(Records contained in a dataset)
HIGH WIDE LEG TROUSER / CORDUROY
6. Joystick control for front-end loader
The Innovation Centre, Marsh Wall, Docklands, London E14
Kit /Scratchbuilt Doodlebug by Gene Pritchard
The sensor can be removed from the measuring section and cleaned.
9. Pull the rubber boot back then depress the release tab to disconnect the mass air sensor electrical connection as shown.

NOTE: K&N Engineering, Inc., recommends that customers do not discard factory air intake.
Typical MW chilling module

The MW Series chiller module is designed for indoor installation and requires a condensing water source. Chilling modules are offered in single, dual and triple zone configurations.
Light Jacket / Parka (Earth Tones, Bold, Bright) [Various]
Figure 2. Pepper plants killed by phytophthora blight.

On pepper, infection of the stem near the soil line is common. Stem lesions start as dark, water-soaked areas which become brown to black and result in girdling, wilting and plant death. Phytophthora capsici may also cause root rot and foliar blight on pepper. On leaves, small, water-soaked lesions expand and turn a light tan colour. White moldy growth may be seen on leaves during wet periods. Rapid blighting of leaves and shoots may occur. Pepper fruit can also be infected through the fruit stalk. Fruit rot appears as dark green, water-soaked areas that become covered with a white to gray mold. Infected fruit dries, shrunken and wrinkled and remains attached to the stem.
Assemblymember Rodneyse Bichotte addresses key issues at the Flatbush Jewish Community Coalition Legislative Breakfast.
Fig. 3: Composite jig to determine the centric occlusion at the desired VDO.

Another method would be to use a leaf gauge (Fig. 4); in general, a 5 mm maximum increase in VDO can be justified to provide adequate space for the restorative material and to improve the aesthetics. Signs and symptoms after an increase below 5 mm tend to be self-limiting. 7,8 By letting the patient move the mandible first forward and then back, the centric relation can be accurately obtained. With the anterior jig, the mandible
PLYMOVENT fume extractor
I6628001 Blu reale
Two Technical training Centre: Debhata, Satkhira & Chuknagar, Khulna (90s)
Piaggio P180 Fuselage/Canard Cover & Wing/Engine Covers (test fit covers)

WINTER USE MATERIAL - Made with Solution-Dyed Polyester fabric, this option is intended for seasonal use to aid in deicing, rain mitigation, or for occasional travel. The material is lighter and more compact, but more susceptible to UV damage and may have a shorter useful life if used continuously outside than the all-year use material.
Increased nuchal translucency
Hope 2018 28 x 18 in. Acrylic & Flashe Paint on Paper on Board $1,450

* WHAT THE TASK ASKS
Which lines above run from the one containing "9. Pull the" to the one containing "Fig. 3: Composite"? Give them again exactly, both ends included.

* EXERCISE SOLUTION
9. Pull the rubber boot back then depress the release tab to disconnect the mass air sensor electrical connection as shown.

NOTE: K&N Engineering, Inc., recommends that customers do not discard factory air intake.
Typical MW chilling module

The MW Series chiller module is designed for indoor installation and requires a condensing water source. Chilling modules are offered in single, dual and triple zone configurations.
Light Jacket / Parka (Earth Tones, Bold, Bright) [Various]
Figure 2. Pepper plants killed by phytophthora blight.

On pepper, infection of the stem near the soil line is common. Stem lesions start as dark, water-soaked areas which become brown to black and result in girdling, wilting and plant death. Phytophthora capsici may also cause root rot and foliar blight on pepper. On leaves, small, water-soaked lesions expand and turn a light tan colour. White moldy growth may be seen on leaves during wet periods. Rapid blighting of leaves and shoots may occur. Pepper fruit can also be infected through the fruit stalk. Fruit rot appears as dark green, water-soaked areas that become covered with a white to gray mold. Infected fruit dries, shrunken and wrinkled and remains attached to the stem.
Assemblymember Rodneyse Bichotte addresses key issues at the Flatbush Jewish Community Coalition Legislative Breakfast.
Fig. 3: Composite jig to determine the centric occlusion at the desired VDO.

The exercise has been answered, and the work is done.